Question 2 Multiple Choice
Why does the saddle point phenomenon have no analogue in single-variable calculus?
ASingle-variable functions can have saddle points, but they are called inflection points instead
BIn one dimension, there is only one direction to move from a critical point, so the function either increases or decreases — there are no competing directions for a saddle to exist
CSingle-variable calculus uses a different definition of critical point that excludes saddles
DSaddle points only occur when the Hessian has negative eigenvalues, which is impossible in 1D
A saddle point requires the function to increase in some directions and decrease in others. In one dimension, 'direction' means only left or right. If f'(c) = 0 at a critical point, the second derivative test tells you whether the function curves up (minimum), curves down (maximum), or has a degenerate case (inflection point at a horizontal tangent). But there are no competing spatial directions — the 'saddle' structure requires at least two independent directions.

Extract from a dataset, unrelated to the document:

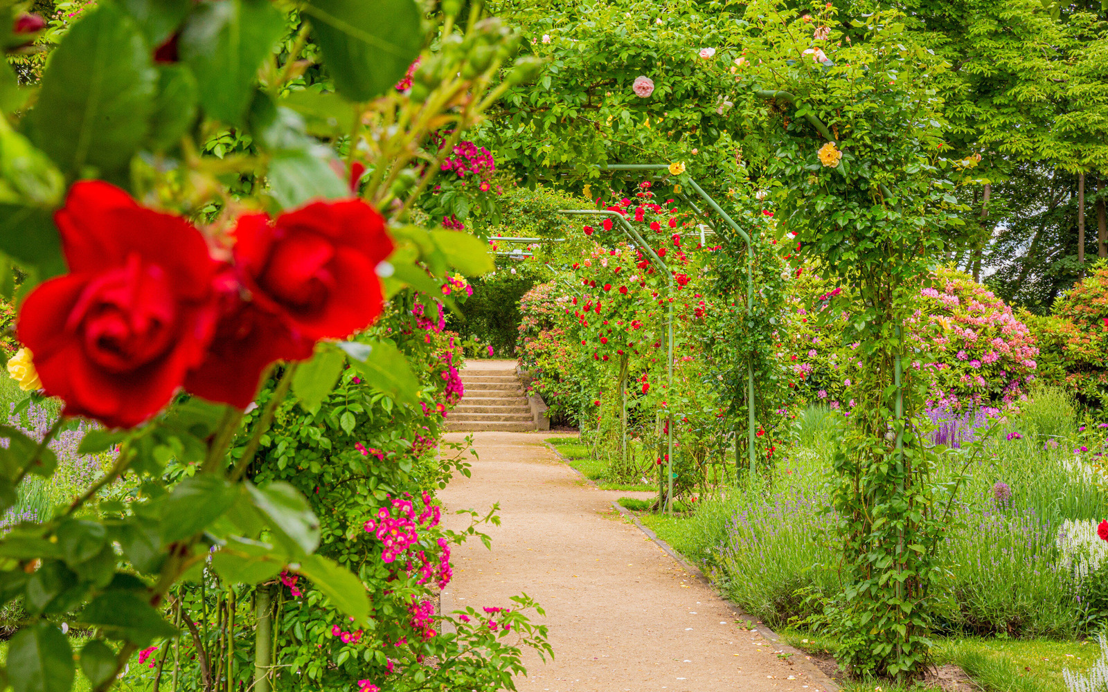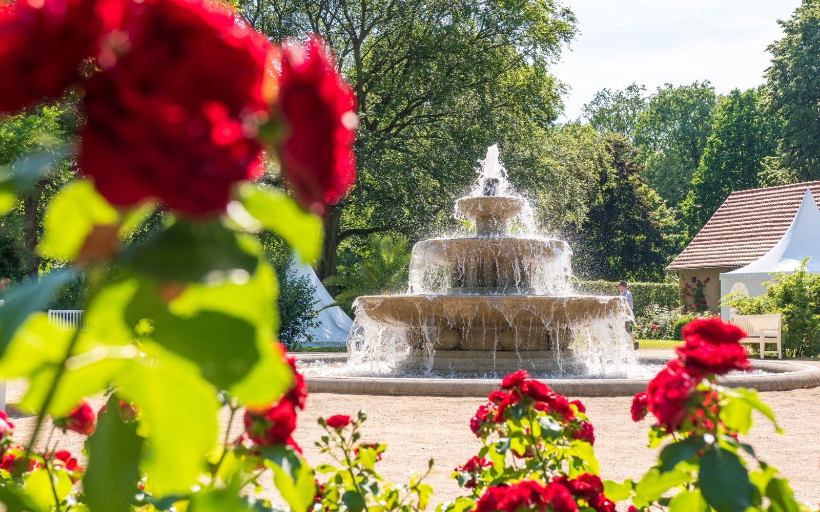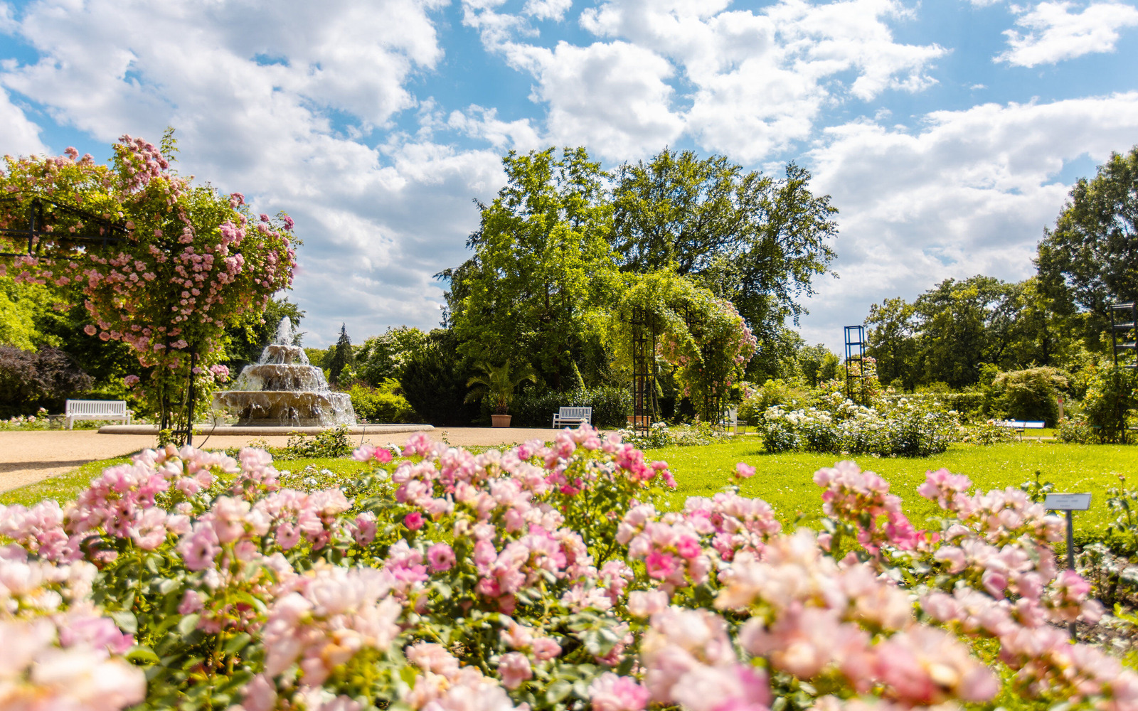 Heute finden die Besucher auf 17 ha zehntausende Rosenstöcke in fast 1.000 Sorten. Kunstvoll gefertigte Skulpturen, Pergolenhöfe, romantische Wasserspiele, Gartenbereiche im Charakter des Jugendstils und Parkelemente im englischen Landschaftsstil laden zum Verweilen ein.

Option A conflates inflection points (where curvature changes sign in 1D) with saddle points (a multidimensional phenomenon).
Question 3 True / False
If ∇f(p) = 0 at a point p, then p is expected to be either a local maximum or a local minimum.
TTrue
FFalse
Answer: False
∇f = 0 is a necessary condition for a local extremum but not a sufficient one. Saddle points also satisfy ∇f = 0 yet are neither maxima nor minima. The canonical example is f(x,y) = x² − y² at the origin: the gradient vanishes, but the function increases along the x-axis and decreases along the y-axis. To determine which case applies, you need additional information about the curvature — provided by the Hessian matrix and the second-derivative test.
Question 4 True / False
Every local minimum of a differentiable function f: ℝ² → ℝ is a critical point.
TTrue
FFalse
Answer: True
This is the multivariable generalization of Fermat's theorem: if f has a local extremum at an interior point and is differentiable there, then ∇f = 0 at that point. The reasoning is that each partial derivative must be zero — if ∂f/∂x ≠ 0, then moving in the x-direction from the point would increase or decrease f, contradicting it being a local minimum. So ∇f = 0 is necessary (but not sufficient) for a local extremum.
Question 5 Short Answer
Why is finding all points where ∇f = 0 not sufficient to identify the minima of a function? What additional step is required?
Think about your answer, then reveal below.
Model answer: Solving ∇f = 0 gives a list of critical point candidates — but each candidate could be a local minimum, local maximum, or saddle point. To classify each one, you need the Hessian matrix (the matrix of second-order partial derivatives), which captures the curvature of the surface in every direction. The second-derivative test uses the Hessian's determinant and leading entry to distinguish these cases: positive definite Hessian → local minimum; negative definite → local maximum; indefinite → saddle point.
This distinction is practically crucial in optimization: an algorithm that stops at ∇f = 0 may have found a saddle rather than a minimum. In high-dimensional problems like neural network training, saddle points are extremely common and can stall gradient-based optimizers. The Hessian test is the theoretical tool; in practice, other methods (second-order optimization, checking the sign of the function change) are used to verify that a critical point is truly a minimum.